[Data excerpts]

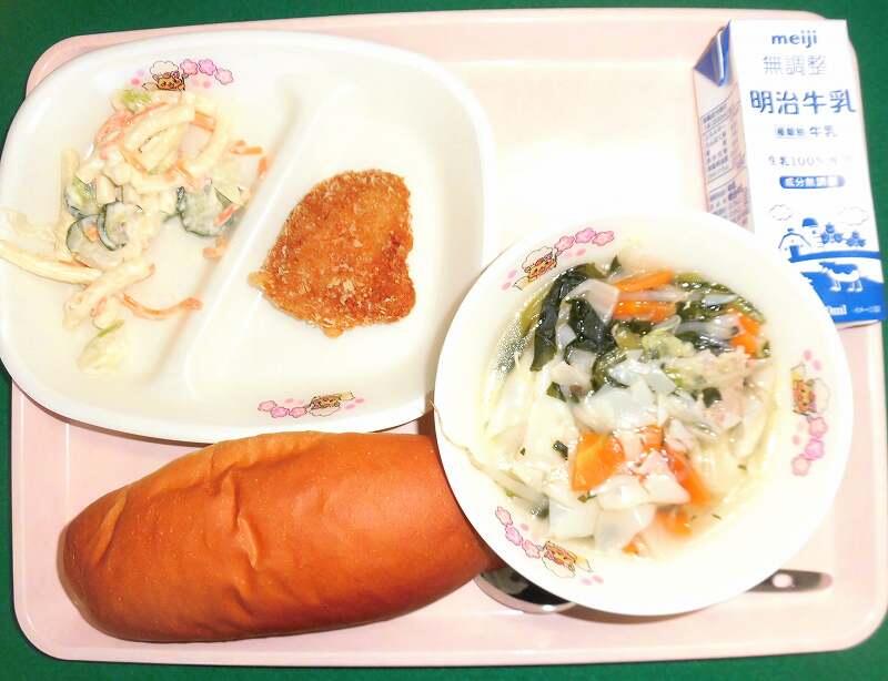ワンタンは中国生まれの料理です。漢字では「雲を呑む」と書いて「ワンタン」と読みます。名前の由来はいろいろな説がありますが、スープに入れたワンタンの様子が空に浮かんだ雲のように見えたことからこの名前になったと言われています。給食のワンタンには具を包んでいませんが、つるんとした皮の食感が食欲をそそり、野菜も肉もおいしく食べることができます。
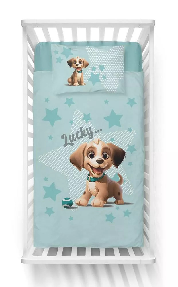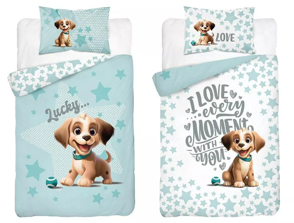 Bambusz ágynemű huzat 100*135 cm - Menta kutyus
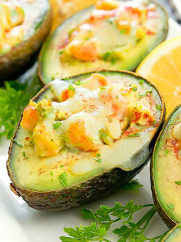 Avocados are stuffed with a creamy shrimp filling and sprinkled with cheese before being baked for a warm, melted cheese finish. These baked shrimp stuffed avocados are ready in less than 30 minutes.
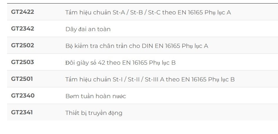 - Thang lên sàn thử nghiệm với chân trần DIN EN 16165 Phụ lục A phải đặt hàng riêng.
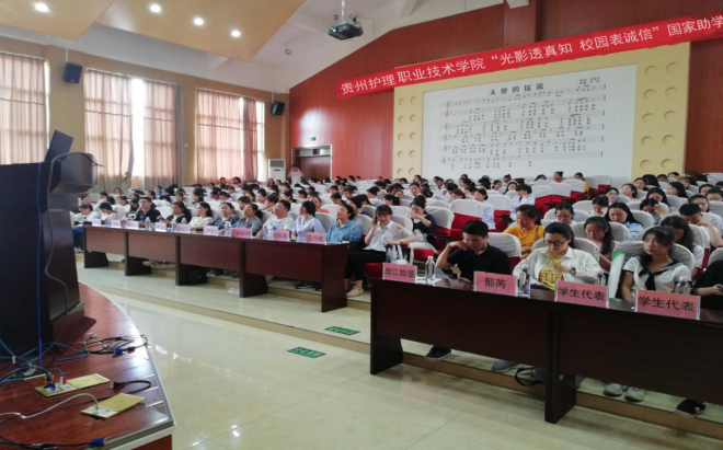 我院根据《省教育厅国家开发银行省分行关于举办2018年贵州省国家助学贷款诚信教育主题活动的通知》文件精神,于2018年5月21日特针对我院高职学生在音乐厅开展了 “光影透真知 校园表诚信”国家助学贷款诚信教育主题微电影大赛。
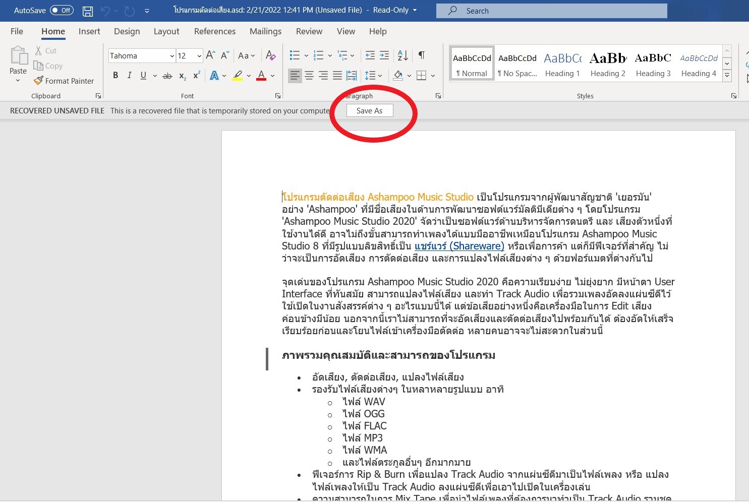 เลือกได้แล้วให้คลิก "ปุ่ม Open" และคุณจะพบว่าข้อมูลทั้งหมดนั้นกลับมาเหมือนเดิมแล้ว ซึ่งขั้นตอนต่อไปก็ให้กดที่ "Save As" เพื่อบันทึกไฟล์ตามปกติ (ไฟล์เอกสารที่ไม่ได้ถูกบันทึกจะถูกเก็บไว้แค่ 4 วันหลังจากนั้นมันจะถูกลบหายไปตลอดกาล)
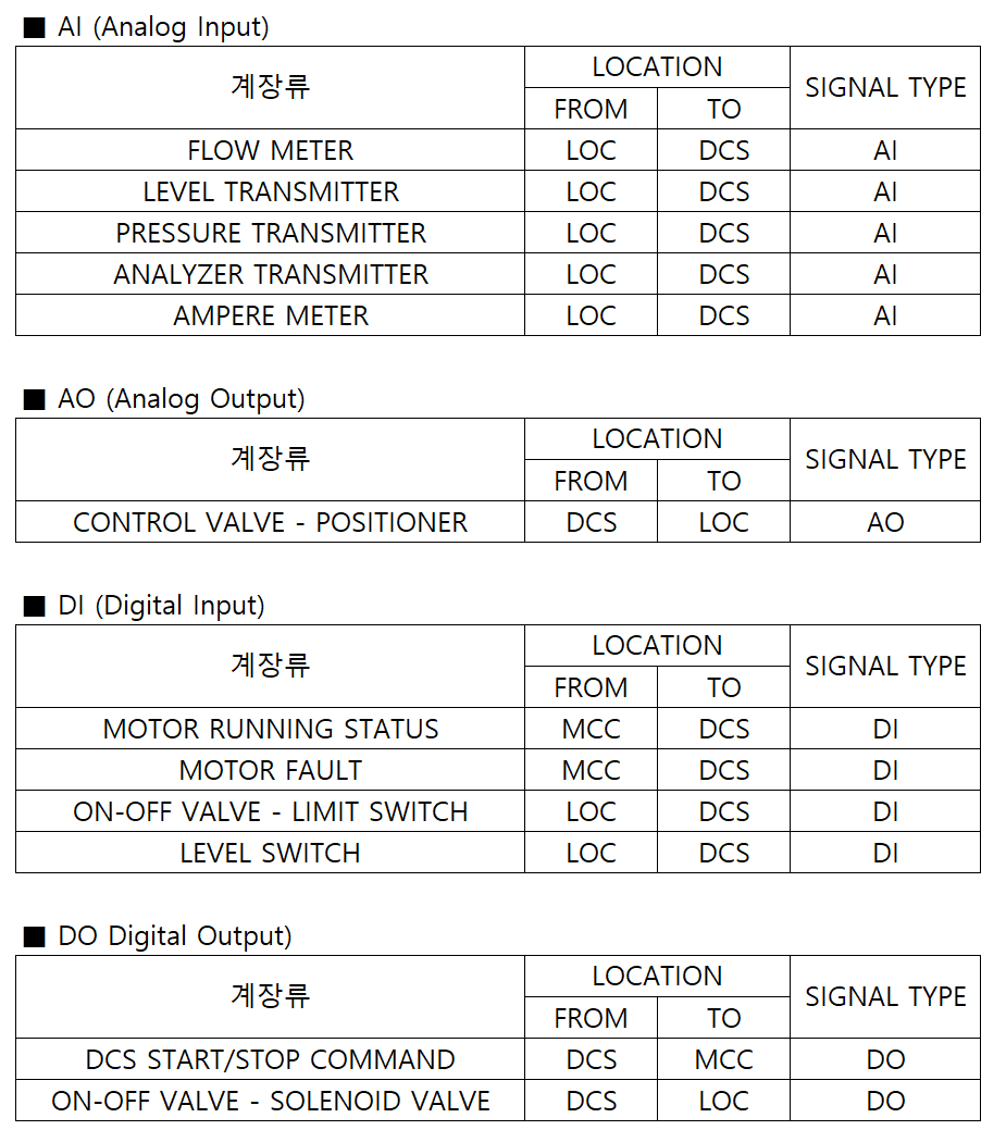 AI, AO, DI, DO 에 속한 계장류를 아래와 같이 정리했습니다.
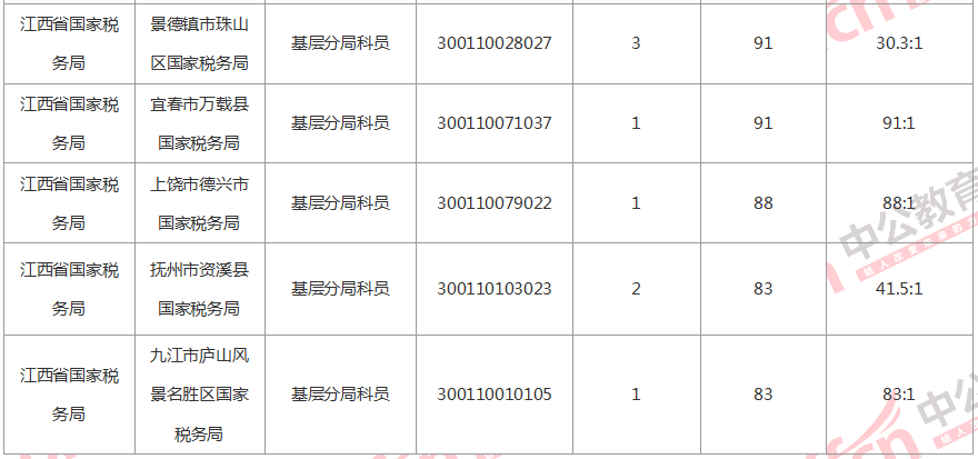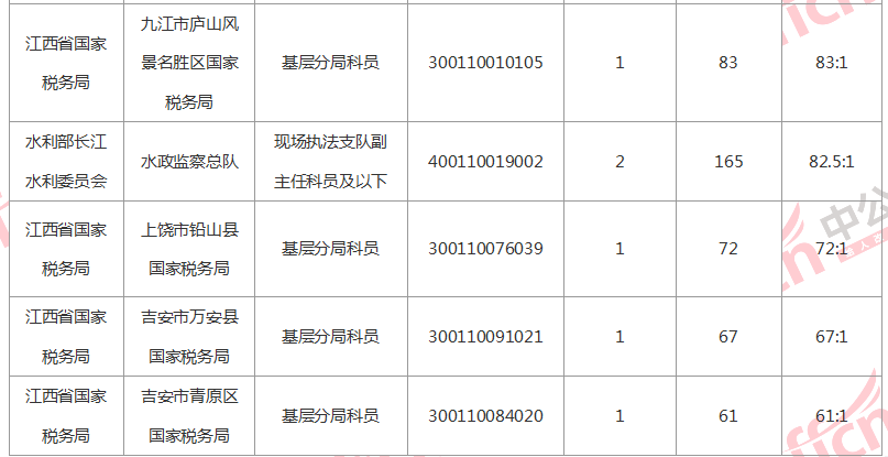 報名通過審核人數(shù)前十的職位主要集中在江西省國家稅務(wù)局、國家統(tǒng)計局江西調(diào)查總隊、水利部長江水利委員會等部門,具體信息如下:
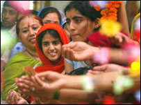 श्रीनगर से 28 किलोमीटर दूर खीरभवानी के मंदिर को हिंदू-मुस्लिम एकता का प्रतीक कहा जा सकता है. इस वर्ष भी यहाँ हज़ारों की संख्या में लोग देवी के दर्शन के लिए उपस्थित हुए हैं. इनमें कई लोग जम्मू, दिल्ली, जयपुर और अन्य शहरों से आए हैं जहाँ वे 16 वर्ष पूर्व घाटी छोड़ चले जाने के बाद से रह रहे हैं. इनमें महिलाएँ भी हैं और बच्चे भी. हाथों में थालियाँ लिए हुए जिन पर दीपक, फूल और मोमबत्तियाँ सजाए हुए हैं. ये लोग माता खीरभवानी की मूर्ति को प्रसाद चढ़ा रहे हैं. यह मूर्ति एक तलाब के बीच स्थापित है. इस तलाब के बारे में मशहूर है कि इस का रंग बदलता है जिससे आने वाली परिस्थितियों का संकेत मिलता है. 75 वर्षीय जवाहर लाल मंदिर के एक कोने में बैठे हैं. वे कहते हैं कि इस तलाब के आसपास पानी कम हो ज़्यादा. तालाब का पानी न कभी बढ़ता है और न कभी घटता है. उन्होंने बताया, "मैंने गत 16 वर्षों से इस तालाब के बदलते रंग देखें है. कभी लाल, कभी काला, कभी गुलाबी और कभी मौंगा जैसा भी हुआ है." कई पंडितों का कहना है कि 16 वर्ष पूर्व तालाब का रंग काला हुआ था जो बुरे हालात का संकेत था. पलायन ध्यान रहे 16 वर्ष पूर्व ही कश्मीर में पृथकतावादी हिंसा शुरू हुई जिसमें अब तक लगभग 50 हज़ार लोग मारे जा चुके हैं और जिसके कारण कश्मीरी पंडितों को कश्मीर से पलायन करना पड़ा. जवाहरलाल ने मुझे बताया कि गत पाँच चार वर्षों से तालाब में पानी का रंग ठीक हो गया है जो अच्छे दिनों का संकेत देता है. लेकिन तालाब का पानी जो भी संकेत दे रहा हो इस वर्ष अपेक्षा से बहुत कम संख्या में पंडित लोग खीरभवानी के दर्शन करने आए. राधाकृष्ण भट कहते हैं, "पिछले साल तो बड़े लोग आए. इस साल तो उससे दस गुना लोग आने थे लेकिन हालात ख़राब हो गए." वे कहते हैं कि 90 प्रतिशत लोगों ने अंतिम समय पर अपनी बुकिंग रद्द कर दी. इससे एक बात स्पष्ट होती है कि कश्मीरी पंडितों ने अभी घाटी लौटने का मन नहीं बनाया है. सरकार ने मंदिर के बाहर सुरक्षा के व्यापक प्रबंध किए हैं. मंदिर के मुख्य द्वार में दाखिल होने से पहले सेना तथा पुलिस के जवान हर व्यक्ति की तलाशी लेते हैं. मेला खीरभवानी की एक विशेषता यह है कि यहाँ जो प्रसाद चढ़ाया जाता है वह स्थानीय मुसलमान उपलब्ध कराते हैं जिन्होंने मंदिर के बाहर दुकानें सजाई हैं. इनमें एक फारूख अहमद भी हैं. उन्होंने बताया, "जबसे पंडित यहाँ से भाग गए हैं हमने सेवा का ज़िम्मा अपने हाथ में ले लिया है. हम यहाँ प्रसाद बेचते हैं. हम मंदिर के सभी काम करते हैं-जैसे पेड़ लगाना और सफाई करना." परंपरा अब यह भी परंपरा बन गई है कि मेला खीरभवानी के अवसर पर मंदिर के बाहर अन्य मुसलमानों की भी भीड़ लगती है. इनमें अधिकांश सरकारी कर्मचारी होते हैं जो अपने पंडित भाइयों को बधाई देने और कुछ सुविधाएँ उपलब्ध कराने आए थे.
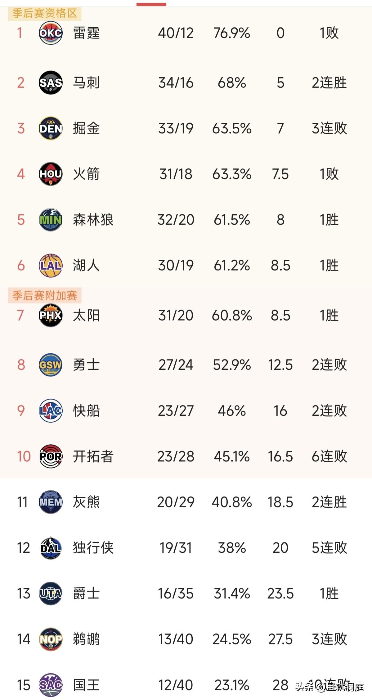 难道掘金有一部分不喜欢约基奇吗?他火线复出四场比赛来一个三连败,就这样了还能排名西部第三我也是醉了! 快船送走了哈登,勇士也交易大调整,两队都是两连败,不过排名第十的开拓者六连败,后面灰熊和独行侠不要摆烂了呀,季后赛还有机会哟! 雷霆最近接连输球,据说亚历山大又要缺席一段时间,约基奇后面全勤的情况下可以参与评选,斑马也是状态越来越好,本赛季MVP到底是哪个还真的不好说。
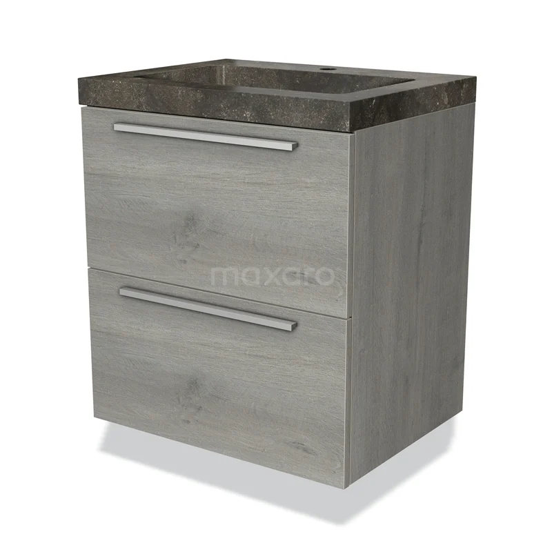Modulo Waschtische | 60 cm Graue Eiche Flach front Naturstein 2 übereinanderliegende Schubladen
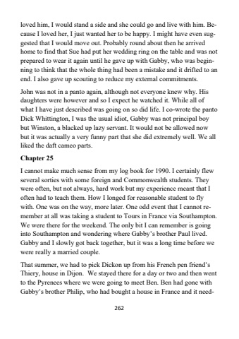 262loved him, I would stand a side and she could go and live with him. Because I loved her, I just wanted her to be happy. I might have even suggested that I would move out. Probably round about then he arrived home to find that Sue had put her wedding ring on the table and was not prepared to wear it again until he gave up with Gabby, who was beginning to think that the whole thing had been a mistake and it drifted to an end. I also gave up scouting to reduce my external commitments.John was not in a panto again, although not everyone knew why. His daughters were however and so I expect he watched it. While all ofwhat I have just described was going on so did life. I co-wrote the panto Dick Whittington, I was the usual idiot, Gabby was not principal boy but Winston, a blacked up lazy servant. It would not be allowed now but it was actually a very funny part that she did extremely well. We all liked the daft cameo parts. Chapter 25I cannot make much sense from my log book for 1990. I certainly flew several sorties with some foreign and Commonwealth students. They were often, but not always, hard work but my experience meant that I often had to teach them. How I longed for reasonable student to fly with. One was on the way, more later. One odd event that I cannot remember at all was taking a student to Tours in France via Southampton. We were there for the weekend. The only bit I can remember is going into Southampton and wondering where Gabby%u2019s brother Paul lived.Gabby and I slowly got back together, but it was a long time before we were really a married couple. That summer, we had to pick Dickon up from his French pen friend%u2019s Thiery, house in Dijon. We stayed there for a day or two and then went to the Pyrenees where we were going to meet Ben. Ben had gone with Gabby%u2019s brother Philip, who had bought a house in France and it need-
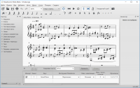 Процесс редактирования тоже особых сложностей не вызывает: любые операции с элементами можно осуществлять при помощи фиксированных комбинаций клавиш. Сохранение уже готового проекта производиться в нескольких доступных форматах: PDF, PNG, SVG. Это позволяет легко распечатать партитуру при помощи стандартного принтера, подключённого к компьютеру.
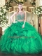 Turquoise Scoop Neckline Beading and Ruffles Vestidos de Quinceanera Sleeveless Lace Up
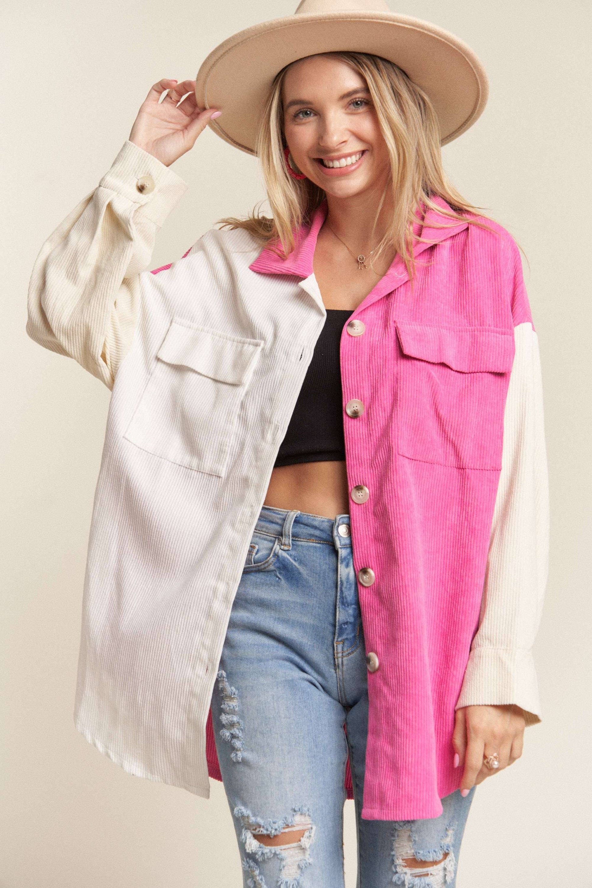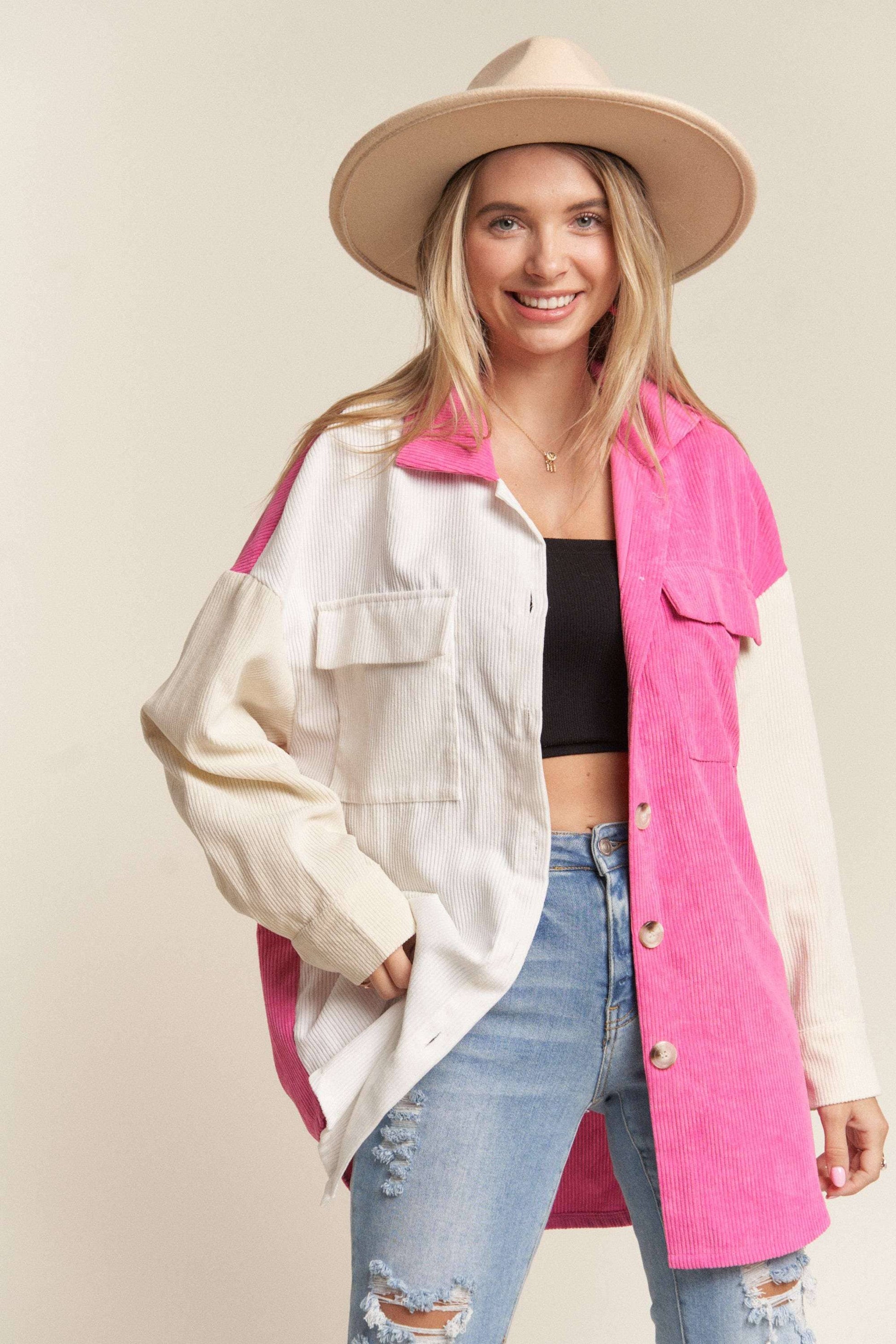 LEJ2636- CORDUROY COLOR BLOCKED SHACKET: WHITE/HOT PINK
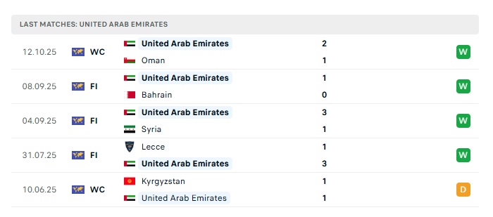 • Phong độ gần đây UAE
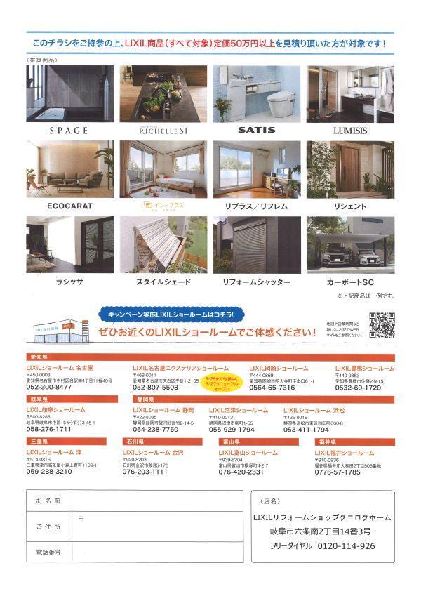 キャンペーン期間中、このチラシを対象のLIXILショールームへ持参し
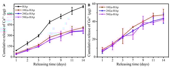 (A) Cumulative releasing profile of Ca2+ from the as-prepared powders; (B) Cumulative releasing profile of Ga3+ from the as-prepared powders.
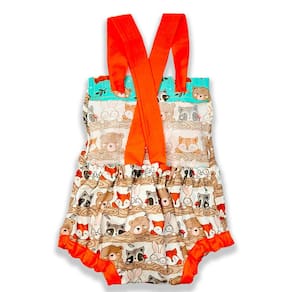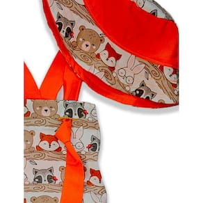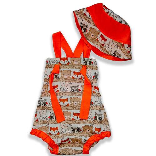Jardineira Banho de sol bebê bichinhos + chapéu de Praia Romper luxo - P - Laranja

Description of the task:
The required output is the exact run of lines from the start of the records through the line containing "Bambusz ágynemű huzat", both ends included, with no pictures.

Reply:
ワンタンは中国生まれの料理です。漢字では「雲を呑む」と書いて「ワンタン」と読みます。名前の由来はいろいろな説がありますが、スープに入れたワンタンの様子が空に浮かんだ雲のように見えたことからこの名前になったと言われています。給食のワンタンには具を包んでいませんが、つるんとした皮の食感が食欲をそそり、野菜も肉もおいしく食べることができます。
 Bambusz ágynemű huzat 100*135 cm - Menta kutyus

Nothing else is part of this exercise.